Like Lemmings To The Sea: We Cannot Stop Our Addiction To Fossil Fuels


Lemmings are small rodents (5 to 7 inches long) that live on the tundra near the Arctic.  It is a popular misconception that lemmings commit mass suicide by running off cliffs.  The myth, however, has a kernel of truth to it.  It is based on the fact that lemmings (particularly the Norway lemming and the brown lemming), reproduce so quickly that their populations fluctuate chaotically.  Their numbers swell to beyond the carrying capacity of the land, at which time the population drops to near extinction due to starvation, predation, and migration misadventure.

It is this last factor – migration misadventure – that gives rise to the myth of mass suicide.  Lemmings are good swimmers and do not hesitate to cross rivers and lakes during their migrations forced on them by overpopulation.  But if the body of water happens to be so wide (an ocean for example) that it exceeds their physical capabilities, they will drown.  This isn’t exactly suicide but, as I said, misadventure due to foolishness.

The parallel with the present condition in which homo sapiens finds itself is similar to that of lemmings in several ways.  The root cause of the lemmings’ dilemma is their inability to control their population.  The root cause of planetary degradation, including climate change, is the inability of homo sapiens to control its population.  Both the lemming and human problem are caused by overpopulation.

Lemmings don’t deliberately commit suicide, but they don’t have the foresight to plan for the consequences of their unbridled reproduction, or to distinguish between a river or the North Sea.  Of course we don’t expect a rodent to be able to do this.  Only an animal with a large brain and the ability to plan for the far future could do it.

Or so we thought.  We are such an animal, but despite this fact, we are acting just as foolishly as lemmings.  The fossil fuels we continue seek, dig up, and burn are increasing the temperature of the planet at a rate unprecedented in the 500 million years since there have been flora and fauna on the planet, and yet we press on, burning more coal, oil, and natural gas every year, and doubling down on our ill-advised bet that somehow our technology will save us from a climate catastrophe that science tells us is now unavoidable; a climate catastrophe that will reduce our numbers quite as effectively as the quadrennial lemming purge.

We humans suffer from the conceit that we are rational creatures wedded to logic, practicality, and a utilitarian assessment of our options.  This conceit pervaded Europe before the First World War. Consider this excerpt from Wikipedia:

“A 1910 best-selling book, The Great Illusion, argued that global capitalism had made territorial conquest unprofitable and had removed the risk of major wars.  The Economist reassured its readers with an editorial titled “War Becomes Impossible in Civilized World.”  “The powerful bonds of commercial interest between ourselves and Germany,” it insisted, “have been immensely strengthened in recent years … removing Germany from the list of our possible foes.”  The truth, as the world discovered in 1914 and is re-discovering today in Ukraine, the Middle East and the China seas, is that economic interests are swept aside once the genie of nationalist or religious militarism is released.”
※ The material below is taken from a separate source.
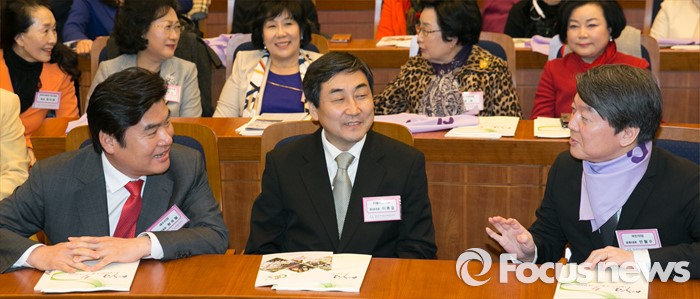 (서울=포커스뉴스) 8일 오후 서울 여의도 국회 헌정기념관에서 열린 세계 여성의 날 기념대회에 참석한 원유철(왼쪽부터) 새누리당 원내대표, 이종걸 더불어민주당 원내대표, 안철수 국민의당 상임공동대표가 대화하고 있다.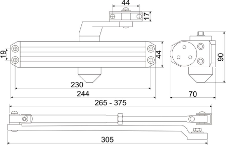 - Stufenlos einstellbare Schließkraft 1-6 gemäß EN1154.

It thus came as a shock to everyone that Europe so quickly descended into violence and chaos following the assassination of Archduke Franz Ferdinand of Austria in Sarajevo on June 28th, 1914.  Who would benefit from this conflict?  No one, and yet it went on for over four years and claimed the lives of 20 million people – half military personnel and half civilians.

Today we similarly stand speechless before a world that is wittingly destroying the planetary resources on which our lives depend – the climate being the chief resource.  How can this be happening?  We can call it irrational, but that explains nothing.  An economist might say it’s because humans place a deep discount on the value of the future.  In other words, the farther off the consequence, the less value it has to a person, even when the consequence is calamitous.  It’s why Wall Street is obsessed with the next quarter’s dividends, and why we’re not willing to take the bus, eat less meat, not led the car idle, or stop buying single-use plastic bottles so our grandchildren can enjoy a global temperature that may be one degree lower forty years from now.  The health, welfare, and happiness of the child – and all children – has more value that any of the inconveniences I mentioned, but after the implicit time discount, they just don’t resonate with us.

And it is not only the time discount that matters.  The assessment of the probability and severity of the consequence is also a factor.  Thanks to the misinformation, confusion, and overstated uncertainty spread by a multi-billion-dollar lobbying campaign by the fossil fuel industry over the past 20 years, most people misjudge and greatly understate these factors.  Today, nine out of ten Americans do not realize that the debate among climate scientists about the cause and consequences of climate change has long been over.

In his book Losing Earth, A Recent History, Nathaniel Rich notes that, at the moment we began to burn fossil fuels in the mid-19th century, we lost control of our technological future.  The immense wealth and power granted by this almost magical resource was so great that it would determine its own future.  Today we remain in thrall to this toxic gift of nature.  Energy is determining our future, we aren’t, and as long as that is the case, we will continue to burn fossil fuels.